Survival of Intellectual Property Obligations

The obligations under this Intellectual Property section shall survive the termination or expiration of this Agreement.

Miscellaneous

Governing Law

This Agreement shall be governed and construed in accordance with the laws of the State of California, without giving effect to any principles of conflicts of law. Any disputes or legal proceedings arising from this Agreement will be exclusively resolved in the courts located in California.

Entire Agreement

This Agreement constitutes the entire agreement between the parties concerning its subject matter, superseding all previous communications, representations, or agreements, whether written or oral.

Amendment and Modification

Amendments to this Agreement are valid only if made in writing and signed by authorized representatives of both parties.

Severability

If any provision of this Agreement is found to be invalid or unenforceable, such provision shall be modified to the minimum extent necessary to make it enforceable, and the remaining provisions will continue in full force and effect.

Waiver

The failure of the Company to enforce any right or provision of this Agreement will not constitute a waiver of such right or provision unless acknowledged and agreed to by the Company in writing.

Notices

All notices, requests, and other communications under this Agreement must be in writing and are deemed duly given when received if personally delivered or sent by registered or certified mail (return receipt requested) or email, to the parties at the addresses specified in this Agreement or such other address as the party may specify in writing.

Assignment

The Client may not assign or transfer any rights or obligations under this Agreement without the prior written consent of the Company. The Company may assign its rights and obligations under this Agreement in its sole discretion.

SCHEDULE A

“Done For You” Service

Services.

The Company shall provide coaching and guidance to aid you in purchasing one (1) residential investment property, in the following ways:

Identification of potential investment properties eligible for your purchase (herein, a “Recommended Property”).

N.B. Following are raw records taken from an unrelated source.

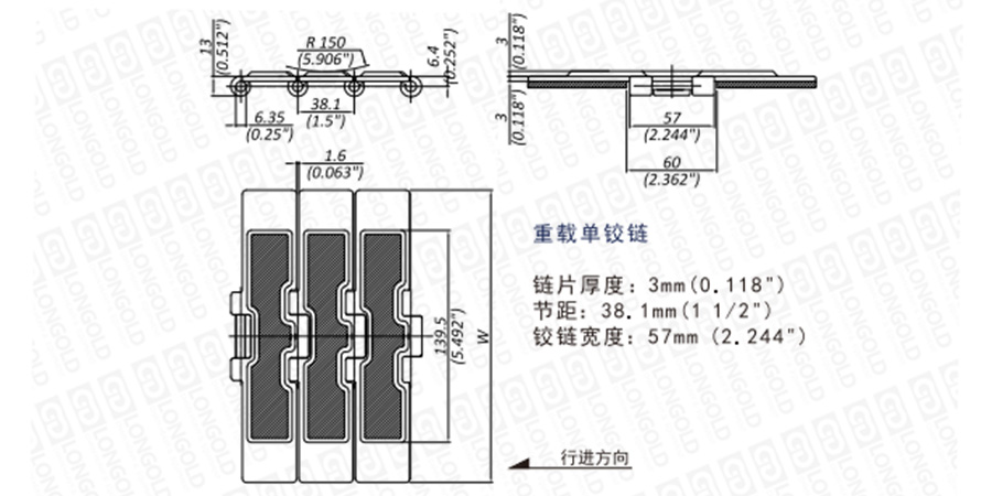 上圖為LDPHDG9157系列直行鏈的結構圖,圖紙已標明本體尺寸。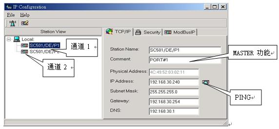 (3)TCP/IP 设置。如果能正常连接到SC-501/DE, 就可以修改 TCP/IP 参数了。 完成输入后, 使用 “PING” 指令可以测试 TCP/IP连接。 【Station Name】 和【Comment”】是可选项。 如果没有定义【Station Name】, 名字由IPConfig自动分配。
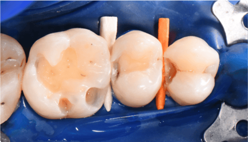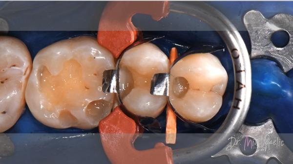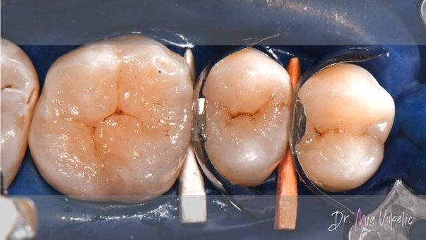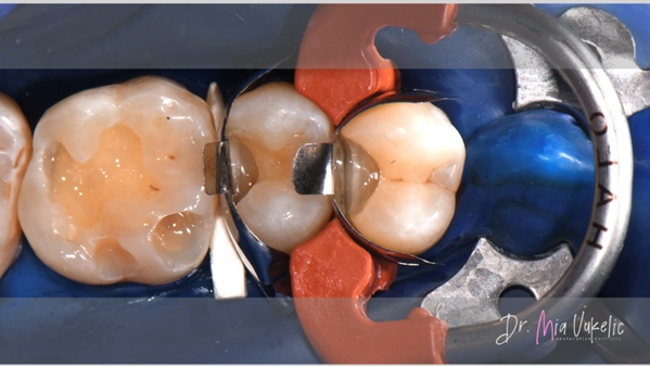 Voor het herstel van de approximale wand werden Halo™-matrixbanden en een Halo™-ring van Ultradent Products gebruikt.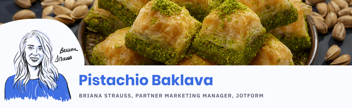 „Acest desert clasic al Orientului Mijlociu și al Mediteranei are multe variații în funcție de țara de origine. Dar ceea ce este întotdeauna consistent este aluatul crocant stratificat cu nuci și acoperit cu un sirop de zahăr delicios de dulce care va fi cu siguranță vedeta strălucitoare a mesei tale de sărbători.”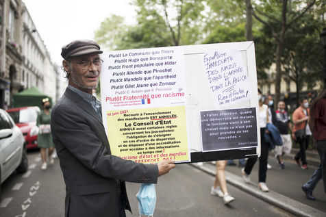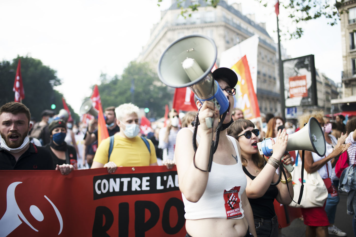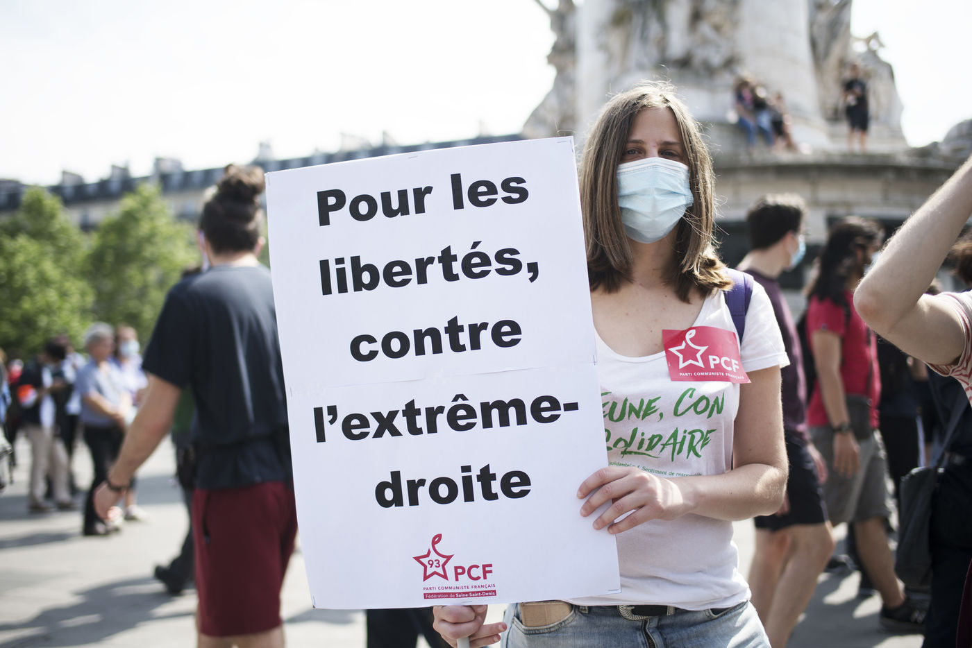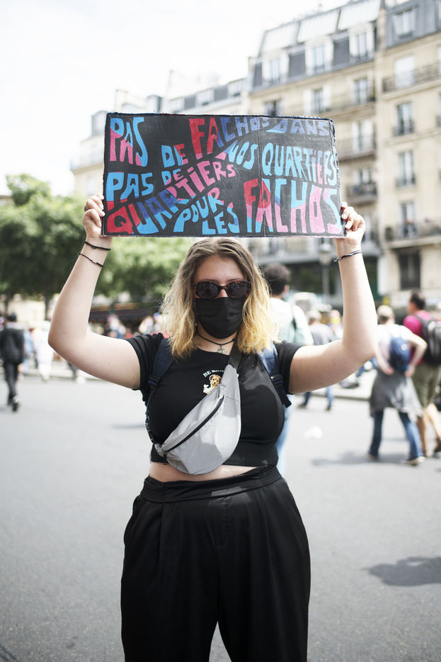Manifestation pour les libertés et contre les idées d'extrême droite, en particulier contre le racisme, le sexisme, l'insécurité sociale et pour une égalité des droits. La manifestation a pris place le samedi 12 juin 2021 à Paris entre place de Clichy et République.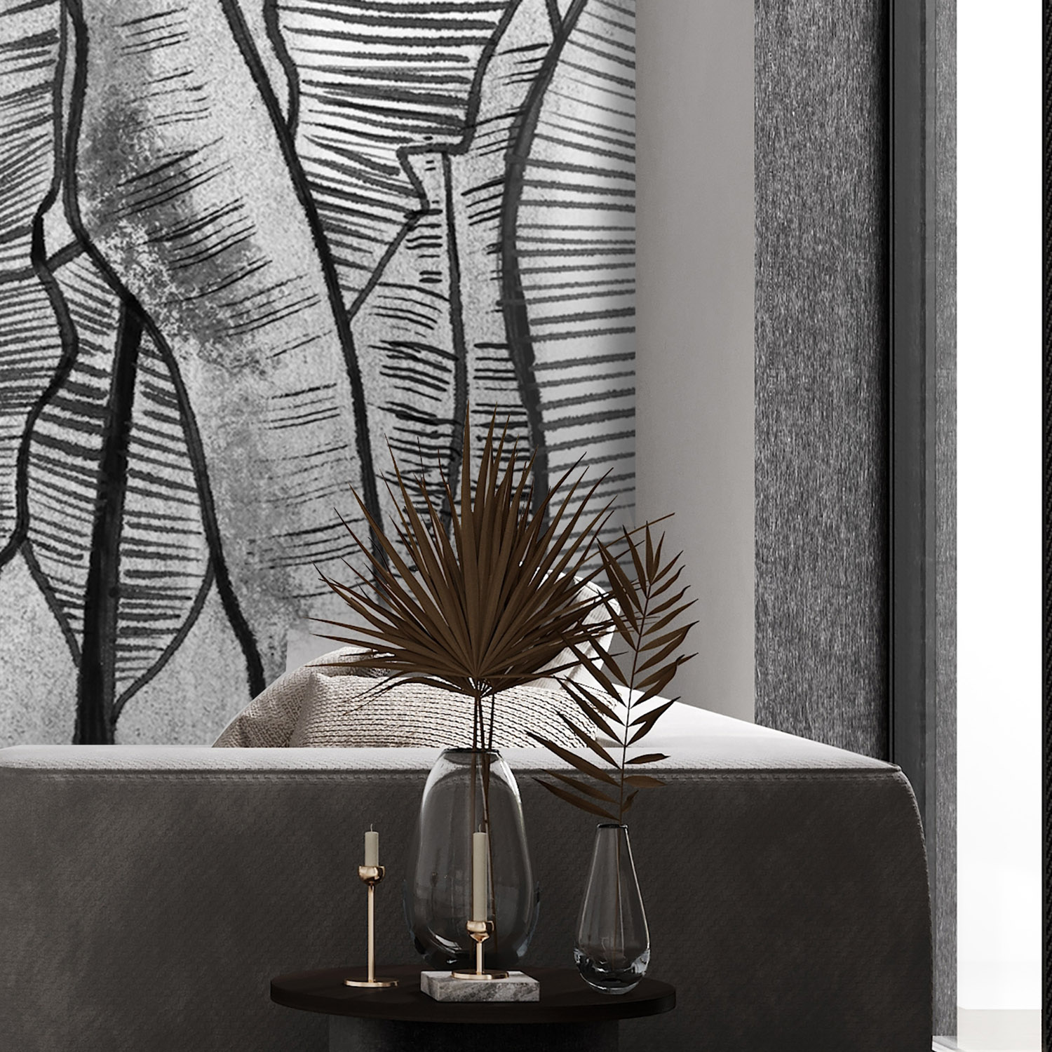 - Адаптация изображения под размер вашей стены с учетом расстановки мебели

Advice and guidance regarding selection of investment properties that fit your criteria.

Availability to answer questions and provide guidance through the purchase closing process.

Referral to third-party vendors, such as property inspectors, appraisers and attorneys as required by your needs.

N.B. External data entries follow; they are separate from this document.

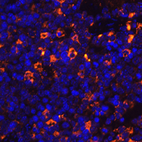 Immunofluorescent analysis of CLEC-6 staining in mouse spleen. Formalin-fixed cells were permeabilized with 0.1% Triton X-100 in TBS for 5-10 minutes and blocked with 3% BSA-PBS for 30 minutes at room temperature. Cells were probed with the primary antibody in 3% BSA-PBS and incubated overnight at 4 °C in a humidified chamber. Cells were washed with PBST and incubated with a AF594-conjugated secondary antibody (red) in PBS at room temperature in the dark. DAPI was used to stain the cell nuclei (blue).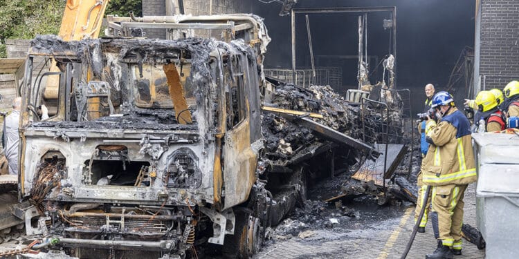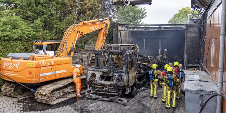 Een bergingsbedrijf heeft vandaag tegen het einde van de middag de uitgebrande vrachtwagen met oplegger uit de laad en los ruimte getrokken van de supermarkt. Een sloopbedrijf heeft even daarvoor een deel van het magazijn gesloopt vanwege instortingsgevaar, voordat de vrachtwagen uit het pand kon worden getrokken. Langzaam is de wagen na het slopen naar buiten gehaald.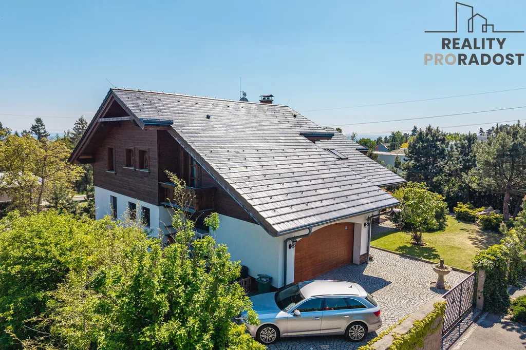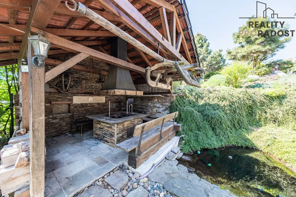 Kolem domu se rozprostírá udržovaná zahrada se vzrostlými stromy a keři, kde můžete trávit chvíle odpočinku. Naleznete zde zděný a zastřešený altán s centrálním grilem pro společné chvíle s přáteli. Na něj plynule navazuje zahradní jezírko. Neméně zajímavý pro Váš relax bude krytý bazén 7x3,5 m s protiproudem pro udržení fyzičky a velká terasa s výhledem do zeleně, kde můžete s rodinou trávit příjemné chvíle. Zavlažování zahrady zajišťují čtyři okruhy z retenční nádrže s obsahem 6 m3. Sekání trávníku za Vás zastane robotická sekačka.

Guidance through the Section 8 application and inspection process after closing.

Compensation.

The fee for this service is $10,000, due and payable at the signing of this Agreement. This fee covers the assistance provided by the Company for one (1) property purchase. If the Client decides to pursue additional property purchases with the Company’s assistance, a new Agreement must be signed, and an additional $10,000 fee will be due and payable at the signing of each subsequent Agreement.

Term. The Services shall begin on the Commencement Date and shall continue until the earlier of (a) three (3) months after the completion of the purchase of a Recommended Property; or (b) twelve (12) months after the Commencement Date, should the Client not complete a purchase of a Recommended Property.